Welcome to WebmasterWorld Guest from 184.108.40.206
So, how do I get this directory and all URL's below it out of Google? Surely the robots.txt solution won't work because I want Google to see this directory (or rather see that it doesn't exist) so that the 404's are returned.
In case you're wondering, the directory was a reproduction of the DMOZ directory, personalised with one of the many scripts out there, but which I got rid of over a year ago because of possible duplicate content. But Google still shows more than 22000 pages of my site that don't exist due to this reason. So, any ideas how to get them out of the index?
Two choices here:
a) Return a 410 (Gone) status code and keep your fingers crossed that G bot might find the time to look at those ancient URLs again.

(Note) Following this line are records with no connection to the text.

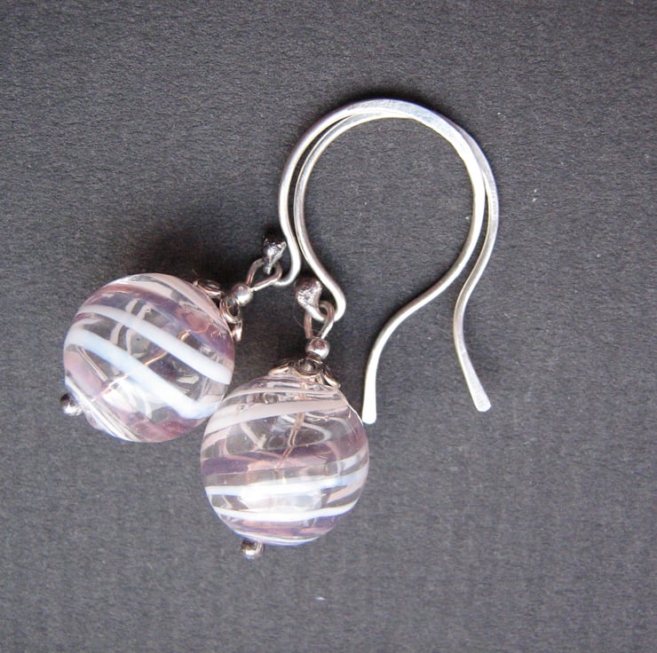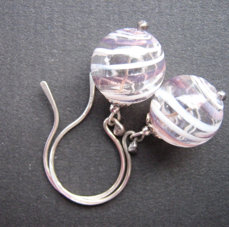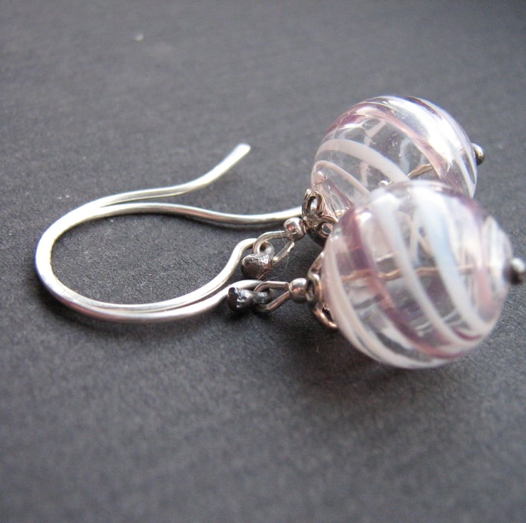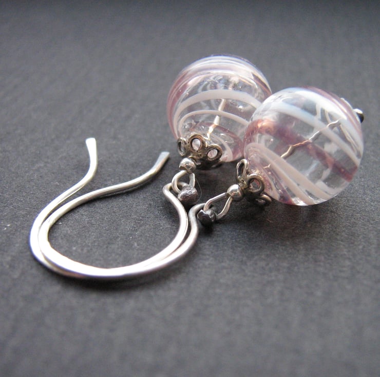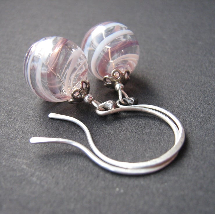 Clear blown glass beads with pink and white swirls couple with handcrafted sterling silver ear wires making these lovely drop earrings. They measure approximately 36mm from the top of the hook. Blown glass is very light due to it's hollow nature, yet strong in structure.
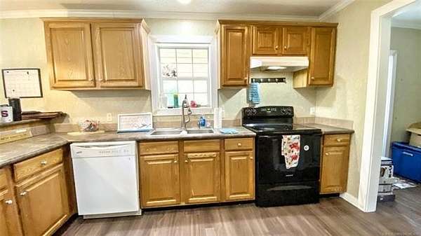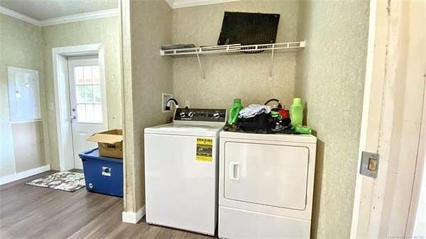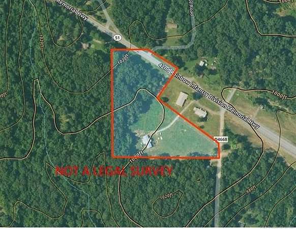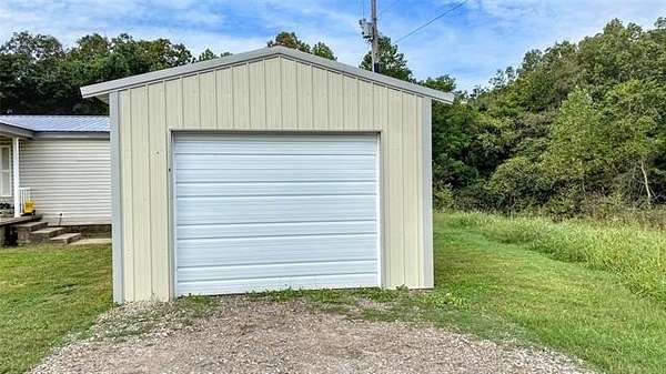 From Stilwell go west on Hwy 51 for 6.4 miles. Property on left side of road. You will drive between the house and shop to the property.
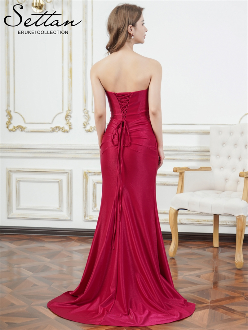 [送料無料][SETTAN]レッド・ベージュ・ブルー・シャイニーサテン・アシンメトリー・ベア・タック・スピンドル・スリット・ストレッチ・タイト・マーメイド・ロングドレス[即日発送][大きいサイズあり]
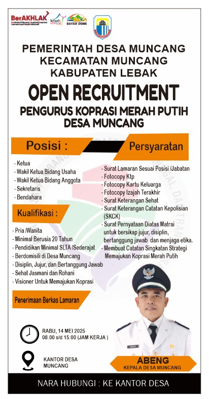 Media infoxpos.com – Lebak – Rabu (14/5/2025) Pemerintah Desa Muncang, Kecamatan Muncang, Kabupaten Lebak, mulai membuka rekrutmen calon pengurus Koperasi Desa Merah Putih, sebuah program yang merupakan bagian dari penguatan ekonomi kerakyatan di tingkat desa.
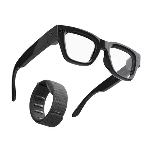 | SpecialFeatures | 2 custom-built speakers (open ear) Custom 5-mic Array (2 in left arm, 2 in right arm, 1 near nose pad) and 1 contact mic on nose bridge Voice Command: Ask”Hey Meta” Camera: 12 MP ultra wide 3x Zoom Image: 3024 x 4032 pixels Video: 1440 x 1920 pixels @30fps Display: 20 deg FOV monocular display, 600x600 pixels Lens Treatment: Transitions Gen8 Wristband tech: Haptic Feedback Wristband Control: High Performance EMG |
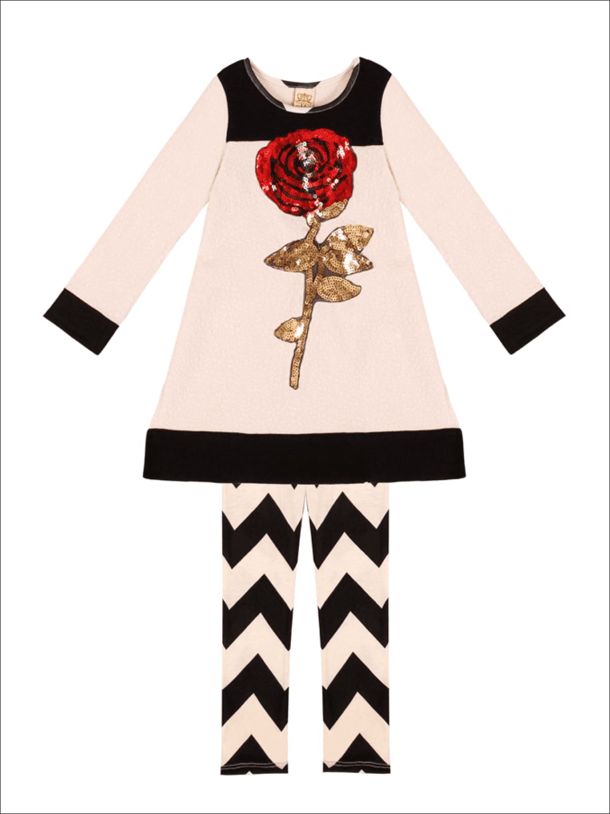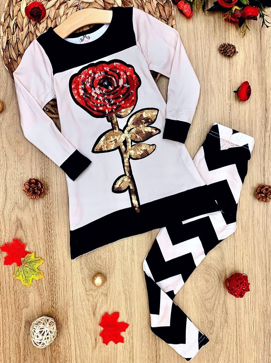 Girls Sequin Rose Tunic & Zigzag Leggings Set - Mia Belle Girls

b) Use a "DISALLOW /outdated_stuff/" in your robots.txt and again keep your fingers crossed ...
Either way, stay away from the Removal Tool!
IMHO G has a real problem here. There doesn't seem to be any practical solution to effectively tell them to delete outdated / unwanted stuff from their database. Once they stored something, they'll keep it - until THEY decide to delete it.
And I'd rather have them out of the index entirely, because I'm not sure if Google is seeing them as duplicate content in some way and that's affecting the rest of the site.
I've decided to recreate just the directory and use Petrocelli's b) option, and hope for the best. We'll see.
You are correct, once google grabs hold of something - it never seems to let go. I have a couple of directories on our site that have inflated pages values in google. The directories contain 200 files. However, google reports that they contain 5000 files. I have decided to move the directories to a new name and do a 301-redirect to the new name. This seems to be helping in getting the inflated page values back in line.
All thoughts would be appreciated.